Truman v. Republicans
Accurate or not, the dramatic scenario of a Soviet take-over had resonance in the United States for political reasons. For the first time since the Great Depression, both houses of Congress were controlled by Republicans. With Sen. Joseph McCarthy in the Senate and Richard Nixon in the House, the Red Scare was defining the political discourse. Harry Truman’s popularity, at less than 40% approval, was at the lowest of his presidency. He needed something to revive it.
Truman found it in what became known as the Truman Doctrine, a strategic and philosophical vision of the post-World War II order that defined the cold war from then on.
Philosophically, Truman endorsed Acheson’s Manichean view that the world was engaged in a battle between Soviet-style dictatorship and domination and American-style democracy and freedom. Strategically, Truman declared that the United States should be ready and willing to support financially and, if necessary, militarily, any nation opposing communist or Soviet influence. The policy of containment was born.
The Middle East was at the center of the Truman Doctrine, which gave subsequent presidents ample, and arguably excessive, justification and latitude to intervene militarily around the globe.
The Truman Doctrine Speech
In a 21-minute address to a joint session of Congress on March 12, 1947, Truman requested $250 million in military and economic aid for Greece and $150 million in similar aid for Turkey—the equivalent of $2.4 billion and 1.5 billion, respectively, in current dollars. He mentioned communism only once by name (in reference to communists fighting in Greece) and the Soviet Union not at all. But Truman’s message was clear: He was committing the United States against what he perceived but not explicitly describe as Soviet aggression on Iran, Iraq, Greece and Turkey, countries at the rim of Western interests in the Persian Gulf and the eastern Mediterranean. (read the full text of the Truman Doctrine speech.
“At the present moment in world history nearly every nation must choose between alternative ways of life. The choice is too often not a free one,” Truman said. “One way of life is based upon the will of the majority, and is distinguished by free institutions, representative government, free elections, guarantees of individual liberty, freedom of speech and religion, and freedom from political oppression. The second way of life is based upon the will of a minority forcibly imposed upon the majority.
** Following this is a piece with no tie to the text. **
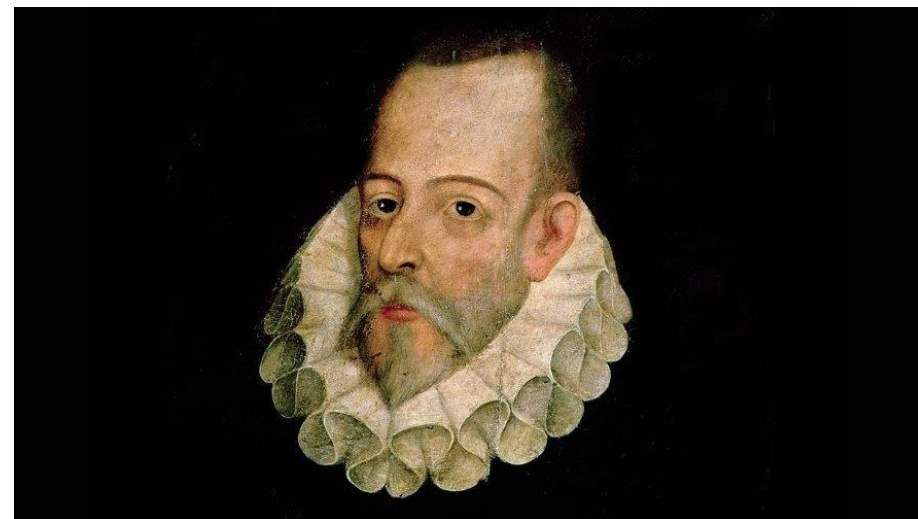
Miguel de Cervantes Saavedra

Además, debe presentar otra herida, más grave, recibida en el pecho por proyectil de arcabuz. «Los huesos de la caja torácica sufrirían por el impacto. Las marcas dejadas por la lesión, junto con la cauterización y posibles restos microscópicos de metal confirmarían la identidad», argumenta el historiador, que dirige el proyecto

It relies upon terror and oppression, a controlled press and radio, fixed elections, and the suppression of personal freedoms.”
Reactions to the Truman Doctrine
Members of Congress, The New York Times reported the following day, “saw their country’s foreign policy undergo radical change in the space of twenty-one minutes. They reacted sharply. At points they were in violent conflict. At the same time there was evident constantly an agreement that decisive action under the bold recommendations of the President must be taken.”
The American press was largely supportive—not because there was much interest in propping up Middle East regimes or spending American taxdollars abroad, but because American security was interpreted as a global affair. “These are our own chestnuts that are in the fire,” concluded an editorial in the St. Paul Pioneer Press. “America is an integral part of the world and in its own security and welfare must undertake to see that it is the right kind of a world.” The Memphis Commercial Appeal conceded that Truman’s proposal was serious, but agreed with Truman’s claim that “the alternative is more serious.”
Bi-Partisanship or Blindness?
On May 9, 1947, the House of Representatives voted 287-107 to approve the aid package and, by extension, the Truman Doctrine. It was a larger majority that then 260-165 vote that had approved the Lend-Lease bill that established the basis for American involvement in World War II (a bill that had been opposed by 135 Republicans and supported by just 24). The Senate voted 63-23 to approve the measure. Truman signed the bill on May 22 in the penthouse suite of the Hotel Muehlebach in Kansas City, Mo., where Truman was staying as he attended to his ill mother, Martha E. Truman (she died in late July).
Congress’ “unpartisan” approval of what, by May, was referred to publicly as the Truman Doctrine establishing a precedent of unquestioning, often blind and blank-checked bi-partisan support for waging the cold war that would last until 1991, when the Soviet Union disintegrated.